Luciana Jankowsky1, 2, 3*, Brito JO4, Jankowsky IP1, Nolasco AM1 and Carvalho JE2,3
1Department of Forest Products, University of Agriculture Luiz de Queiroz and University of São Paulo, Brazil
2Department of Pharmacology and Toxicology, Pluridisciplinary Center for Chemical, Biological and Agricultural Research and Estate University of Campinas, Brazil
3Department of Structural and Functional Biology, Estate University of Campinas, Brazil
4Forestry Science and Research Institute, Brazil
*Corresponding author: Luciana Jankowsky, Department of Forest Products, University of Agriculture Luiz de Queiroz and University of São Paulo, 11 Padua Dias Avenue, Piracicaba, São Paulo, Brazil
Submission: August 12, 2017; Published: October 23, 2017
ISSN 2637-7756Volume1 Issue1
Solid timber waste obtained from wood industries contains chemical compounds that may be used in phytochemical and pharmacological studies, and possess great potential for use in drug discovery. For its use as a raw material by the pharmaceutical, cosmeceutical, and veterinary industries, multidisciplinary studies and planning are needed.
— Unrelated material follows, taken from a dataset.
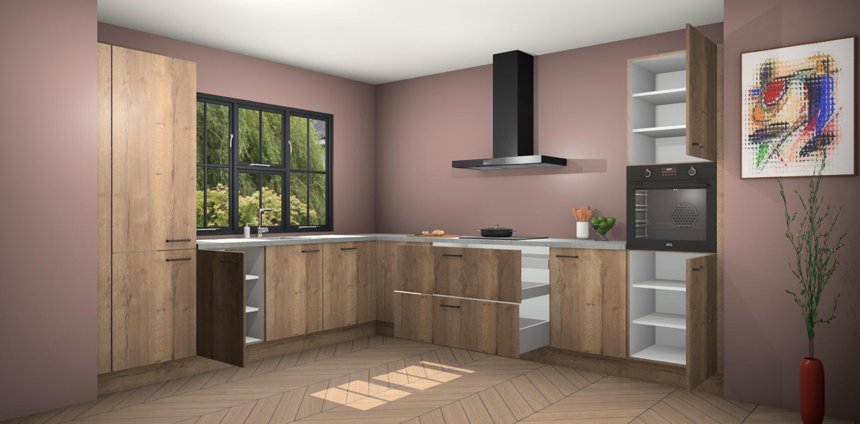 In deze box zijn alle kleuren verzameld van de deuren en werkbladen. Vraag de gratis kleurenbox aan en kijk thuis rustig verder!

In this study, the wood of 3 trees, Dipteryx odorata (Aubl.) Willd. (Fabaceae), Bowdichia nitida (Spr.) Benth (Fabaceae) and Myroxylon balsamum (L.) Harms (Fabaceae), was selected for phytochemical and pharmacological studies to evaluate antiproliferative activities in human tumor cells. The results obtained demonstrated the potential of solid wood residue a source of raw material for the discovery of pharmacologically active compounds. This source has been poorly explored, considering that it holds tremendous potential for the development of novel herbal drugs. However, it is necessary to implement a National Solid Waste Policy, proposing rules to improve management, classification and collection of solid waste generated by lumber based industries; which could allow a safe use of wood residues in phytochemical and pharmacological studies. The extracts studied demonstrate the potential to add value to non-timber forest products.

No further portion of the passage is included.